Tek-Tips is the largest IT community on the Internet today!

Members share and learn making Tek-Tips Forums the best source of peer-reviewed technical information on the Internet!

  • Congratulations Mike Lewis on being selected by the Tek-Tips community for having the most helpful posts in the forums last week. Way to Go!

IP Office 500v2 Random Reboots 4

Status
Not open for further replies.

cyric297

IS-IT--Management
Aug 18, 2015
11
US
Hi All,

I have an IP Office 500v2 that randomly reboots from time to time and support so far has been absolutely useless (including our vendor support). To their credit, they have tried to solve the problem, but have been unable to do so as of yet (and we are going on 6 months with this issue).
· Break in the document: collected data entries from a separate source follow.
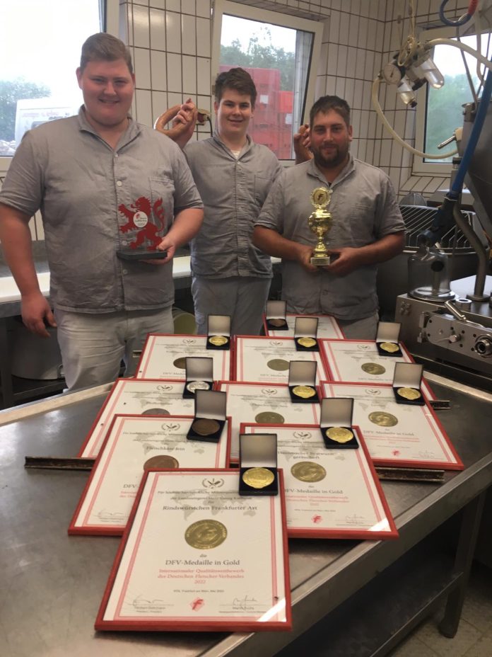 Die hervorragende Qualität der Produkte der Lardenbacher Landmetzgerei Hans-Georg Kielbassa wurde bei dem im Rahmen der internationalen Fleischermesse in Frankfurt durchgeführten Internationen Qualitätswettbewerb wiederum bestätigt. Nach bereits mehrfachen erfolgreichen Teilnahmen gab es in diesem Jahr für die zehn eingereichten Wurstsorten erneut für den Handwerksbetrieb aus Oberhessen sieben Goldmedaillen. Zudem verliehen die internationalen Bewerter noch neben entsprechenden Urkunden eine Silber und zwei Bronzemedaillen. Als zusätzliche Anerkennung für die überaus hohe Zahl der mit Gold bewerteten Wurstwaren erhielt die Grünberger Stadtteilmetzgerei mit ihre Filiale in Laubach noch einen Sonderpokal. Die 1949 von Georg Kielbassa gegründete Metzgerei verarbeitet fachgerecht durch den heutigen Firmenchef und den als Lehrlinge in das Unternehmen eingetretenen und nunmehr angestellten Metzgermeister Marco Adam, den Gesellen Fabian Mahr, sowie dem Auszubildenden im zweiten Lehrjahr, Erik Bienek ausschließlich nach umweltrelevanten Vorgaben Fleisch von Landwirten aus der heimischen Region. Die Anerkennung des Firmeninhabers und dessen Ehefrau Beate gelten dabei nicht nur den drei Metzgern im Schlachthaus, sondern auch dem im Verkauf und in der Essenzubereitung tätigen Team, das ebenfalls maßgeblich zur hohen Qualität der Metzgerei beiträgt.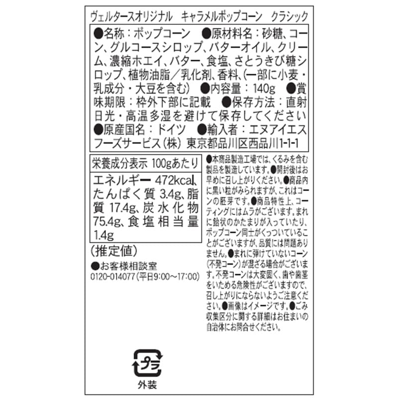 ●商品特性上、コーティングにはムラがございます。まれに飴状のかたまりが入っていたり、ポップコーン同士がくっついていることがございますが、品質には問題ありません。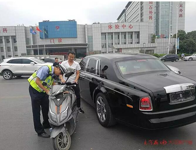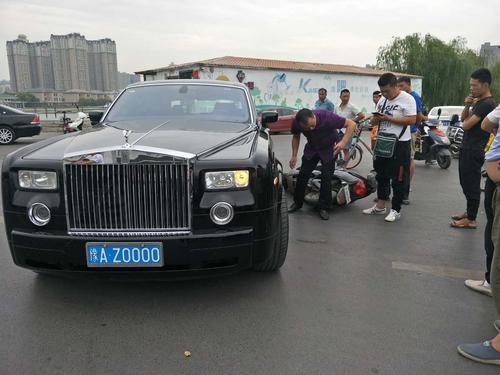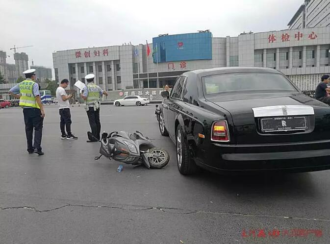 9月5日上午10点钟左右,在郑州市桐柏南路某医院门前,一辆豫A牌照劳斯莱斯幻影高级豪车,与一辆电动车发生事故,轿车车体受损不大,但修复价格不菲。电动车主惊厥抽搐,送医治疗。记者接报料赶至现场看到,一辆黑色劳斯莱斯幻影豪车,头西尾东,停泊在桐柏路东半幅车道。该车前左车门处,歪倒着一辆两轮电动车。劳斯莱斯幻影左车门处,三四道刮痕,清晰可见,甚至漏出底漆。从其运行轨迹判断,该车从东侧驶来,车头朝西南方向,司机意欲往左拐。来源:大河报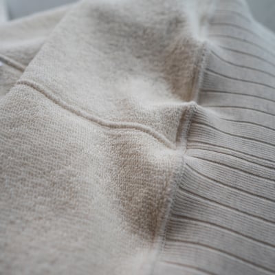 裾・襟・袖口の針抜きの伸縮性あるフライスを。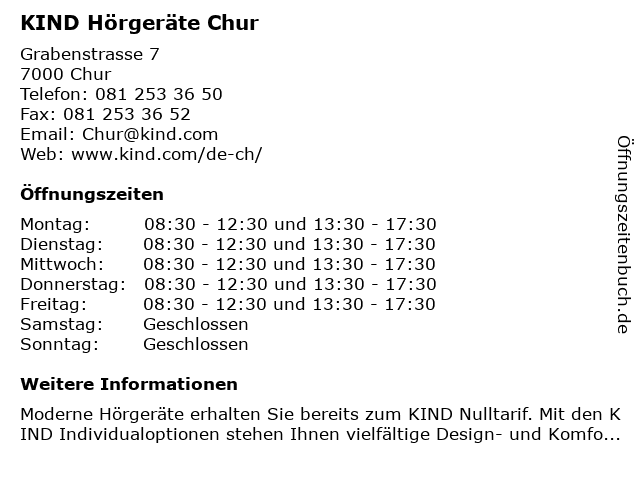 | Öffnungszeiten KIND Hörgeräte Chur in Chur anzeigen | |

The Problem: IPO500v2 reboots randomly with the following error:
Reason Abnormal Termination​
Termination cause: <FileSystemSMXFSTask::GetDriveNum: Bad d> addr=f03562bc d=5 pc=f01bf568 stack=f01cc0dc f01bf950 f0dd4be4 f03581d4 f030b200​

IP Office 500v2 -> firmware 8.1 (95)

We've tried: formatting the SD card, replacing the entire IPO hardware

I'm open to all solutions anyone may want to try, as this is very frustrating!
 
Yes sir. We replaced everything and I wish I could tell you if it was the same error now, that caused the reboots on the old system but unfortunately I do not have that information. We also upgraded the firmware per support. They were afraid the SD card was formatted by the wrong system so we even re-formatted the card with the IPO system (or whatever was recommended by support).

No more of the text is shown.